Academic Integrity: tutoring, explanations, and feedback — we don’t complete graded work or submit on a student’s behalf.

Relative to each other, CPUs have few threads and enormous caches, while GPUs ha

ID: 3752646 • Letter: R

Question

Relative to each other, CPUs have few threads and enormous caches, while GPUs have many threads and tiny caches. Generally speaking, we need to think carefully about any hardware architecture in which many hardware threads share a cache (usually, but not always, the last-level cache). GPUs are the extreme example of such an architecture. Suppose threads are cache friendly in the sense that each portion of a thread accesses a small subset of memory, and that this subset changes relatively slowly. Yet threads are normally interleaved with some frequency, rather than being allowed to run to completion. The technical term for this slowly changing subset of interesting data is the thread's _working set_. Now suppose that the working set of a thread is roughly the same size as the shared cache. Further suppose that the hardware schedules threads much more rapidly than the speed with which their working sets evolve. As a thought experiment, in which case is a thread more likely to find its data in cache:

Case i: We schedule many threads rapidly for short intervals, as described above.

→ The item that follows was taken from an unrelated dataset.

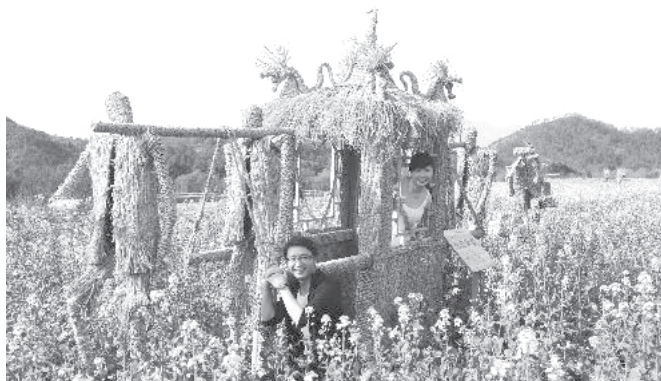
Tourists pose for a photo beside straw men in the cole field at the Shenxianju scenic area in Taizhou City, east China's Zhejiang Province, on 18 March, 2010.

Russia claims a large part of the Arctic seabed as its own, arguing that it is an extension of its continental shelf. In 2007, scientists staked a symbolic claim by dropping a canister containing the Russian flag onto the seabed from a small submarine.— Internet

Case ii: We schedule one thread for a relatively long time so that it owns the cache for an interval roughly equal to one phase of the evolution of its working set.

Explain.

Explanation / Answer

Answer:

After nearly 40 years wandering in the silicon wilderness searching for the promised land of CPU performance and power, computer deity, Berkeley's Dr. David Patterson handed down his famous "Three Walls."1 They were not etched in stone, but they may as well have been. These three immovable impediments defined the end times of increased computing performance. They would prevent computer users from ever reaching the land of milk and honey and 10 GHz Pentiums. There may be a hole in the Walls, but for now we know them as:

"Power Wall + Memory Wall + ILP Wall = Brick Wall"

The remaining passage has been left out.